Thread

  1. Fix LOCK_TIMEOUT handling in slotsync worker

    Zhijie Hou (Fujitsu) <houzj.fnst@fujitsu.com> — 2025-12-08T02:04:27Z

    Hi,
    
    Previously, the slotsync worker used SIGINT to receive a graceful shutdown
    signal from the startup process on promotion. However, SIGINT is also used by
    the LOCK_TIMEOUT handler to trigger a query-cancel interrupt. Given that the
    slotsync worker can access and lock catalog tables while parsing libpq tuples,
    this overlapping use of SIGINT led to the slotsync worker ignoring LOCK_TIMEOUT
    signals and consequently waiting indefinitely on locks.
    
    I can reproduce the issue by:
    
    1) create a failover replication slot for slotsync on primary.
    2) start slotsync worker on standby and uses gdb to make the slotsync
    worker block before accessing pg_type catalog via walrcv_exec -> libpqrcv_exec ->
    libpqrcv_processTuples -> TupleDescInitEntry -> SearchSysCache1.
    3) take ACCESS EXCLUSIVE lock on pg_type on primary.
    4) log standby snapshot to replicate the lock to standby.
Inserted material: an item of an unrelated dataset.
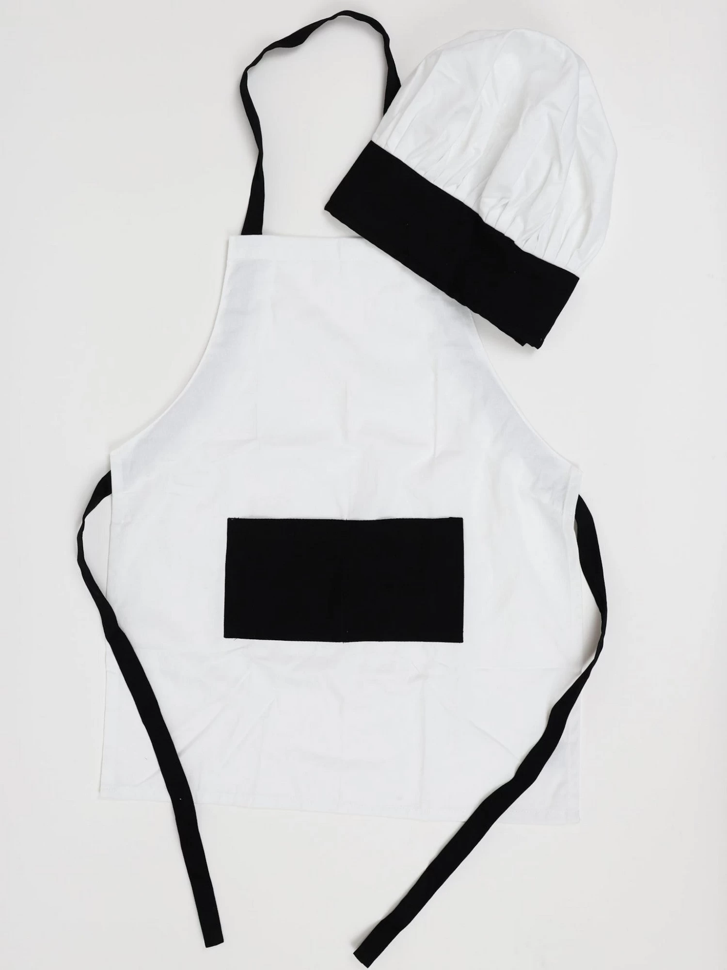 Description: This is the cutest black & white children’s apron and chef’s hat set. We think this is the perfect gift for your little kitchen helper.

    5) release the slotsync worker, it will start waiting for the lock on pg_type to
       be released. And on HEAD, it would not be canceled by the lock_timeout
       setting.
    
    Here is a patch to resolve this by replacing the current signal handler with the
    appropriate StatementCancelHandler for SIGINT within the slotsync worker.
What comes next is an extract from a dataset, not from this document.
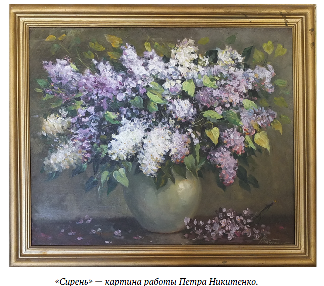 Петр Никитенко любил и умел, как никто, писать цветы — они у него выглядят живыми, только что срезанными, поставленными в вазу с прозрачной водой, словно хранящими пьянящие ароматы приволжских лугов. Рисуя букет, он умел оживить картину, обратив внимание на какую-то деталь — оставленную рядом с букетом, на столе, веточку сирени, на упавший лепесток розы. Сирень он обожал, она окружала дом его мамы. Кусты ее повсюду растут на волжском косогоре. В мае, когда они расцветали, он приносил букеты в мастерскую и писал, писал их в разных вариантах. Картины с сиренью хорошо покупались в художественном салоне.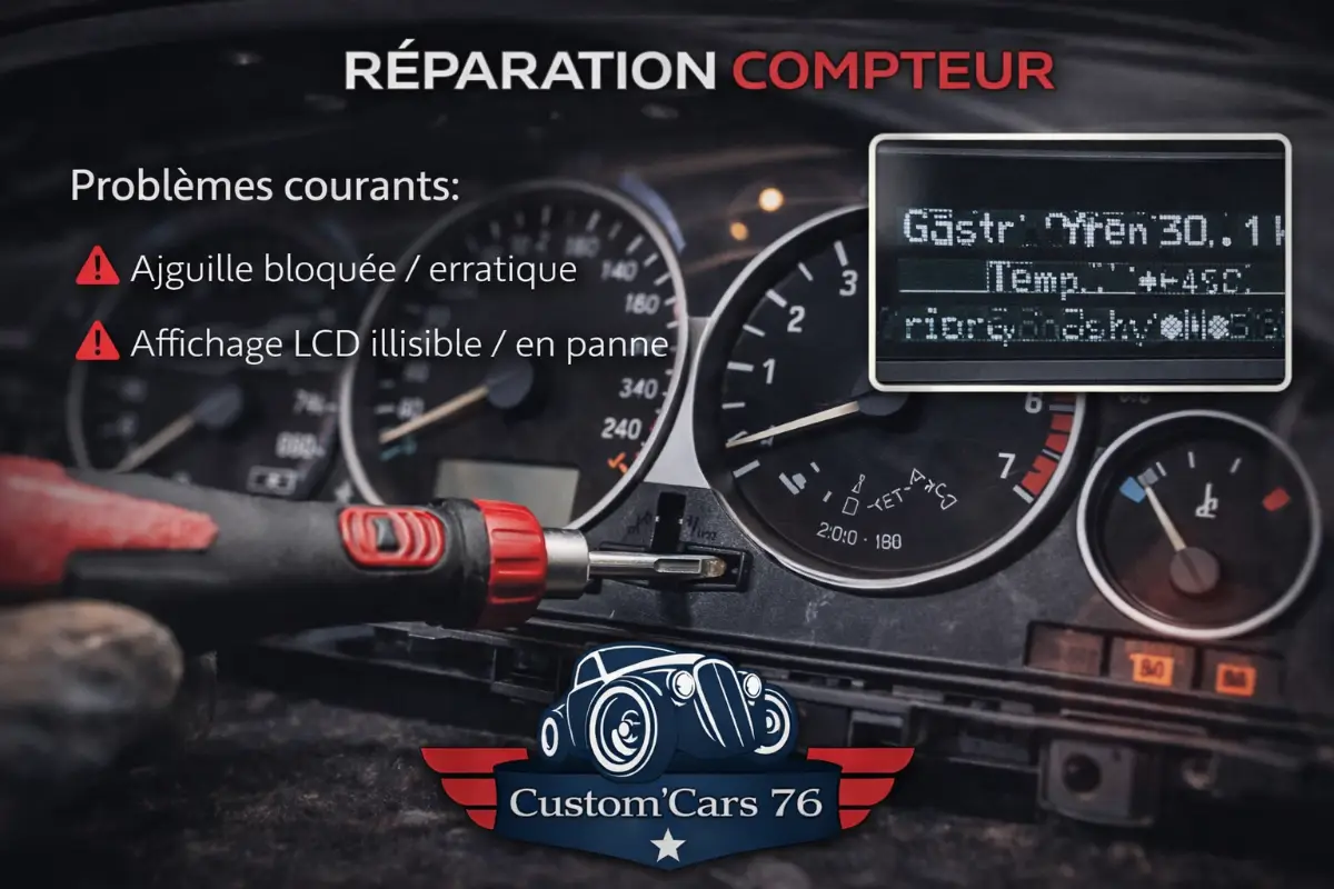 Votre compteur automobile présente des signes de dysfonctionnement ? Aiguille bloquée, affichage LCD illisible ou aiguille erratique ? Faites confiance à Custom'Cars 76 pour une réparation rapide et efficace en Normandie. Nous intervenons à Dieppe, Rouen, Le Havre, Eu, Abbeville, Fécamp et Yvetot, ainsi que dans les communes avoisinantes.

    Furthermore, it updates the startup process to send a SIGUSR1 signal to notify
    slotsync of the need to stop during promotion. The slotsync worker now stops
    upon detecting that the shared memory flag (stopSignaled) is set to true.
    
    I did not add a tap-test in the patch for now. Although feasible, it requires
    a strong lock on a catalog and an injection point to control the
    process.
    
    Best Regards,
    Hou zj